A Seasonal Comparison of Suspended Sediment Filtration by Quagga (Dreissena bugensis) and Zebra (D. polymorpha) Mussels

Field evidence suggests a shift in the dreissenid population from zebra (Dreissena polymorpha) to quagga (D. bugensis) mussels is occurring within the lower Great Lakes. This laboratory study directly compared per-mussel and per-dry-weight filtration rates (volume per time) of both species, gauged by the clearance of resuspended natural sediments (1 to 12 mg/L) from gently mixed, 1-L static vessels. Mussels of 15- and 20-mm lengths were collected together from the Lake Ontario drainage basin at Oak Orchard Creek, Medina, NY, and maintained and tested in ambient Niagara River water. A 2 × 4 factorial design was employed, with species and season as independent factors. Season significantly influenced filtration rate of both size classes, and winter rates were about half those measured during the rest of the year. Species significantly influenced filtration of 20-mm mussels. Quagga mussels of this size filtered up to 37% faster than zebra mussels (data for spring: 309 vs. 226 mL/h/mussel, n = 18 and 20 individuals, respectively). Species was not a significant factor alone for 15-mm mussels, but a species x season interaction was significant. The zebra mussels employed here had 16 to 22% more ash-free dry weight (AFDW) than the quagga mussels, accentuating filtration differences when expressed per-mg-AFDW.     

The Effects of Zebra Mussels on the Lower Planktonic Foodweb in Lake Champlain

Selective grazing by zebra mussels has altered phytoplankton communities in many North American lakes, but the specific changes are not the same in each ecosystem. Because of this variation in response, we investigated the impacts of zebra mussels on the plankton community of Lake Champlain with two objectives: first to determine whether zebra mussels increased the dominance of potentially toxic cyanobacteria in the phytoplankton, and second to explore the impact of zebra mussels on protozoans, rotifers, copepod nauplii, and other microzooplankton in the lower food web. Experiments were conducted in 200-L mesocosms filled with Lake Champlain water filtered through a 150-μm sieve to remove macrozooplankton. Zebra mussels were added to half of the mesocosms while the others were maintained as controls. Over a 96-hour experimental period, we tracked nitrogen and phosphorus concentration, chlorophyll a, microcystin concentration, and both phytoplankton and microzooplankton composition and abundance.
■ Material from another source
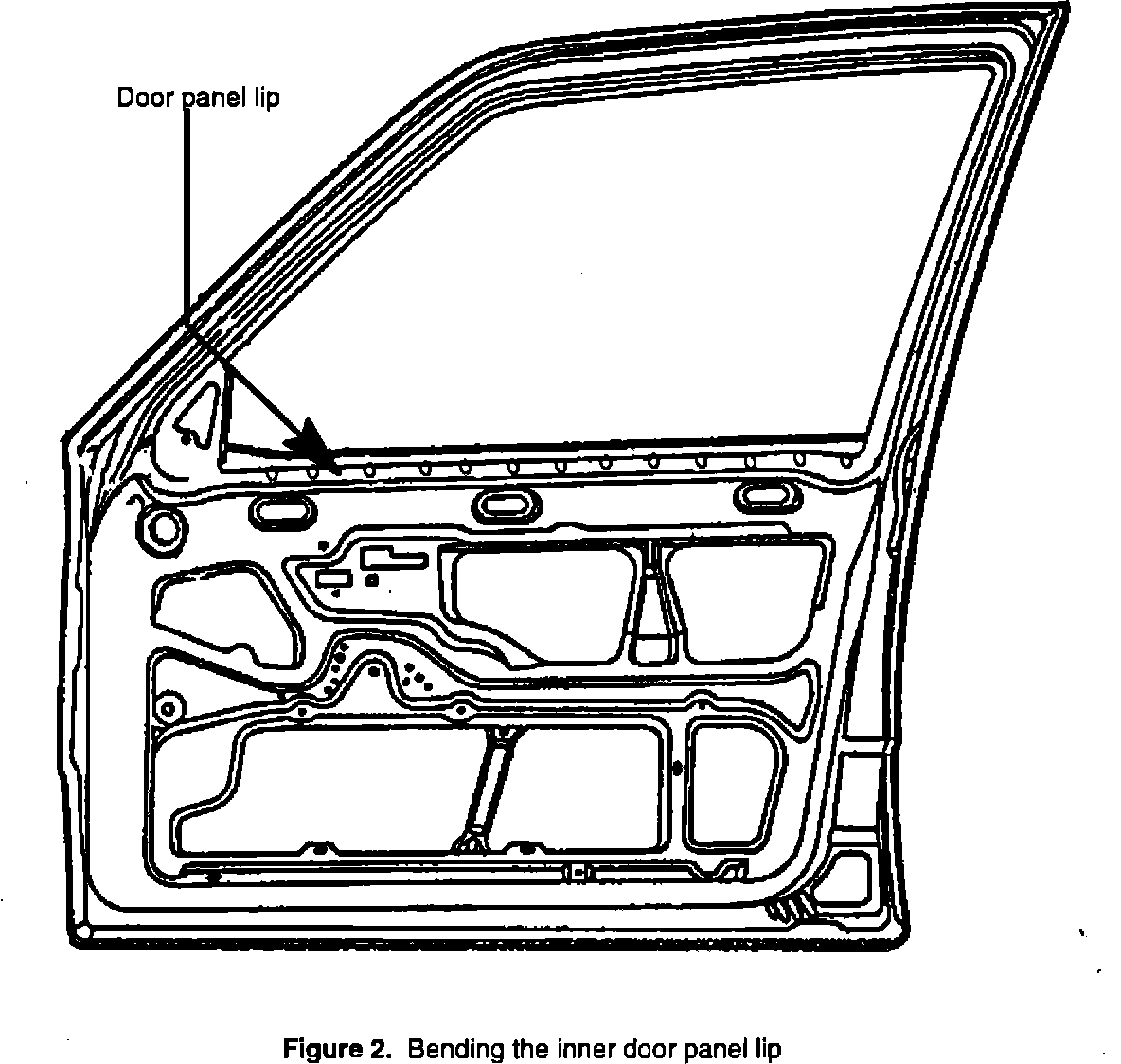 9. Using welding pliers, carefully bend the lip of the inner door panel inward (away from the glass) approximately 2 mm. See Figure 2.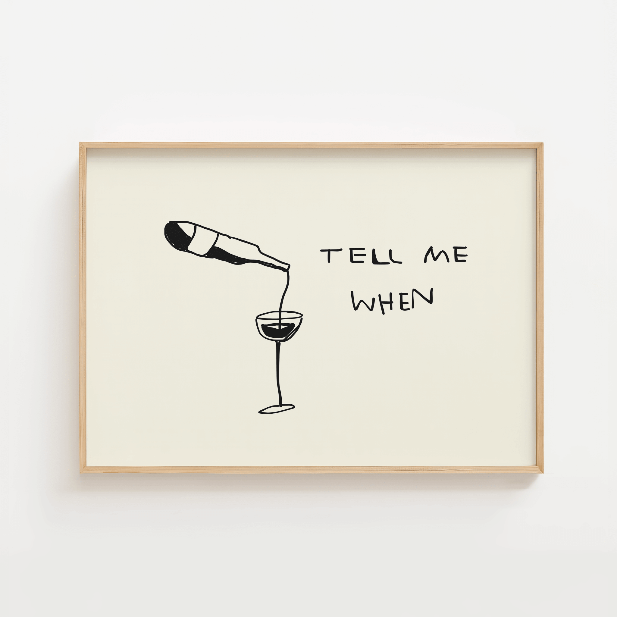 Tilføj et smil til væggen med Tell Me When Vinplakat – et minimalistisk og humoristisk motiv, der viser en vinflaske, der hælder i et vinglas, ledsaget af teksten “Tell Me When”. Den enkle stregtegning gør plakaten stilren og moderne, og den passer perfekt ind i både skandinaviske køkkener og hyggelige hjemmebarer.

We found an increase in SRP and total nitrogen concentration and a decrease in the ratio of TN:TP in the zebra mussel treatments over time. Microcystin was undetectable throughout the experiment using the ELISA assay. Phytoplankton biovolume, including cyanobacteria biovolume, declined significantly in the zebra mussel treatments, as did rotifer, protozoan and nauplii abundance. By both direct (consumption) and indirect (altered nutrient availabilities and increased competition) means, zebra mussels clearly seem capable of strongly influencing the lower planktonic foodweb in the many shallow water habitats of Lake Champlain.     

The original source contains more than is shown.